The dialogue-writer of Mani Ratnam’s Dil Se, who went on to make films like Haasil, Charas and the recently released Nana Patekar-starrer Shagird, now sees things changing for good…
Tigmanshu Dhulia’s next film Saheib Biwi Aur Gangster is up for release. He speaks about the formula that works in Bollywood, his passion for movies and the evolution of cinema over the last ten years.
Is it a conscious decision to make films that don’t adhere to the commercial cinema format?
Today every film has become commercial after the marketing component which has doubled the budget of even a small production. In fact, a small film needs more marketing than one with a big star, to recover that amount. After all, you want more and more people to watch the film. Also, the difference between art and commercial cinema has blurred. We are telling different stories aesthetically now.

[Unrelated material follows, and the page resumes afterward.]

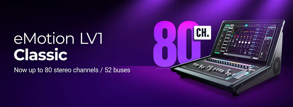 eMotion LV1 80-Channel Expansion は、Waves LV1 Classic または LV1 64-Channel ライセンスを、最大 80ステレオチャンネル(=160インプット)/52バス へ拡張できるソフトウェアオプションです。

You’ve been in the industry for about ten years, how much has changed?
A lot. We don’t make formula films any more. Even a hardcore commercial film like Dabangg had Salman Khan portraying a very twisted character. But I feel sad that we have not made a classic after Sholay.
The first look of Paan Singh Tomar was out long ago; why is it stuck?
UTV sold the satellite rights while the film was being made; at that time, satellite was not a hot territory, but about seven months ago it started booming after a few companies announced new movie channels. UTV wanted to renegotiate the price, which they did, but it took some time. Now every week there are two or three releases and they cannot slot the film, but have decided to release it in March next year.
Is it a curse to be a hatke filmmaker in Bollywood?
As I said, new stories are being told commercially. Though it is difficult for filmmakers who lack star power in their projects, there is a way out – if one follows Mahesh Bhatt’s formula: catchy title, good music, shoot in a tight budget.
Do you think that casting stars would have made a difference to the reach of your films?
Yes, but even then you have to make a good film at the end of the day. You might get to make another if you make a bad film with stars, but you won’t get respect.